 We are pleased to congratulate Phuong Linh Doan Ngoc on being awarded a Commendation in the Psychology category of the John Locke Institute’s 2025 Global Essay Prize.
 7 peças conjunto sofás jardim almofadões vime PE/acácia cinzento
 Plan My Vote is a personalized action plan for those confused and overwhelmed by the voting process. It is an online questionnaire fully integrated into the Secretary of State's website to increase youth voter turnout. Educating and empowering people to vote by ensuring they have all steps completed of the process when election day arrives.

--

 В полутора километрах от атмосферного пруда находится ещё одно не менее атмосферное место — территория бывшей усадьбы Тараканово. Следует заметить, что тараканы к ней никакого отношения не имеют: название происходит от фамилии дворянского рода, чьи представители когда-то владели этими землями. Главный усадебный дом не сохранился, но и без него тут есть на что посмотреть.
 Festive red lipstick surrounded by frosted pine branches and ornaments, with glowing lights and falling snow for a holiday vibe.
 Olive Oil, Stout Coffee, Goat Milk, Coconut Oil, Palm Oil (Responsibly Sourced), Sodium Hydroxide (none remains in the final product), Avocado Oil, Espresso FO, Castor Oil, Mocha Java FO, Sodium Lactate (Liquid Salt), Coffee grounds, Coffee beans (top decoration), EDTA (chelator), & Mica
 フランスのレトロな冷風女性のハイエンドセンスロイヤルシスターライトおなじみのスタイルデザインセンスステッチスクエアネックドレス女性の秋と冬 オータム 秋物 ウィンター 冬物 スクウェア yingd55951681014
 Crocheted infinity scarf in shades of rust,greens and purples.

---

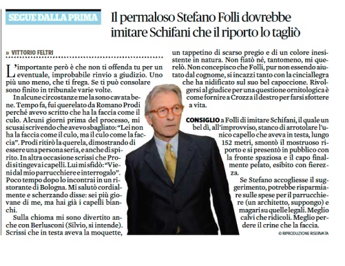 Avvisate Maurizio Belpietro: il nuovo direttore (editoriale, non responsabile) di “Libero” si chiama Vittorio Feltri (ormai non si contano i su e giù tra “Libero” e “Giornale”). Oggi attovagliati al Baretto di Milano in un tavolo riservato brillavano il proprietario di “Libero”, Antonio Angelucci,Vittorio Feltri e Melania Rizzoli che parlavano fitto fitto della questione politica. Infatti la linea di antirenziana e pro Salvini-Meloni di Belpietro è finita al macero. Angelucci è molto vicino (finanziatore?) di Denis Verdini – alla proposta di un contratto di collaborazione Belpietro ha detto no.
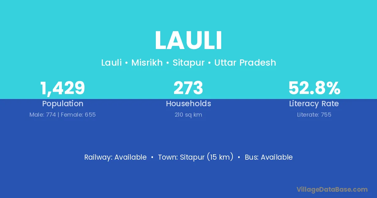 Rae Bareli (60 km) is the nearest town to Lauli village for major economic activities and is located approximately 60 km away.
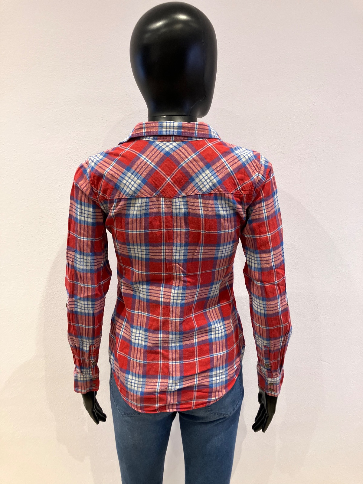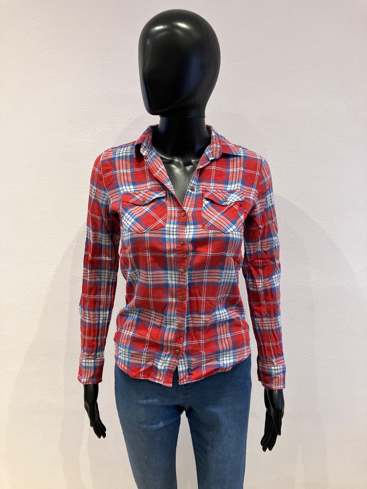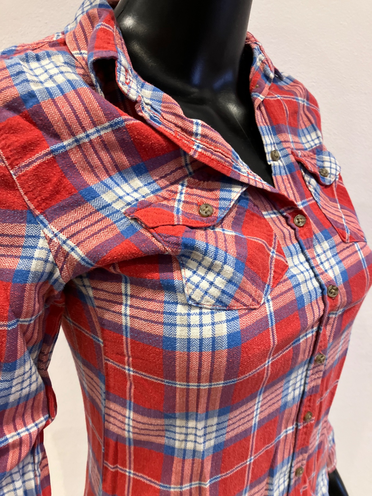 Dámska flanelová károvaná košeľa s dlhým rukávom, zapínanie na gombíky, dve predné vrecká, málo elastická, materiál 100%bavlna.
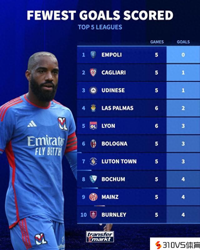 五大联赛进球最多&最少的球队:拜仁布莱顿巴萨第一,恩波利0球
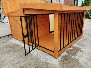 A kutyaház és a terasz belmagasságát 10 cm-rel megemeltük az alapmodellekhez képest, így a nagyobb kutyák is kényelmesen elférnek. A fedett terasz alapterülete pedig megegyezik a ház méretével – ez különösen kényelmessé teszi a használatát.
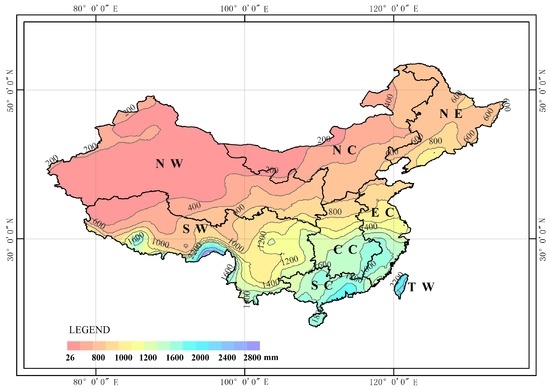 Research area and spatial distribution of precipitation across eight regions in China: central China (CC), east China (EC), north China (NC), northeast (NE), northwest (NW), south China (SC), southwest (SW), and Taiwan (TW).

- **YOUR ASSIGNMENT**:
Look above for the line with "Dámska flanelová károvaná" and the line with "Research area and". Output those two and everything between them exactly, pictures excluded.

- **RESULT OF THE EXERCISE**:
 Dámska flanelová károvaná košeľa s dlhým rukávom, zapínanie na gombíky, dve predné vrecká, málo elastická, materiál 100%bavlna.
 五大联赛进球最多&最少的球队:拜仁布莱顿巴萨第一,恩波利0球
 A kutyaház és a terasz belmagasságát 10 cm-rel megemeltük az alapmodellekhez képest, így a nagyobb kutyák is kényelmesen elférnek. A fedett terasz alapterülete pedig megegyezik a ház méretével – ez különösen kényelmessé teszi a használatát.
 Research area and spatial distribution of precipitation across eight regions in China: central China (CC), east China (EC), north China (NC), northeast (NE), northwest (NW), south China (SC), southwest (SW), and Taiwan (TW).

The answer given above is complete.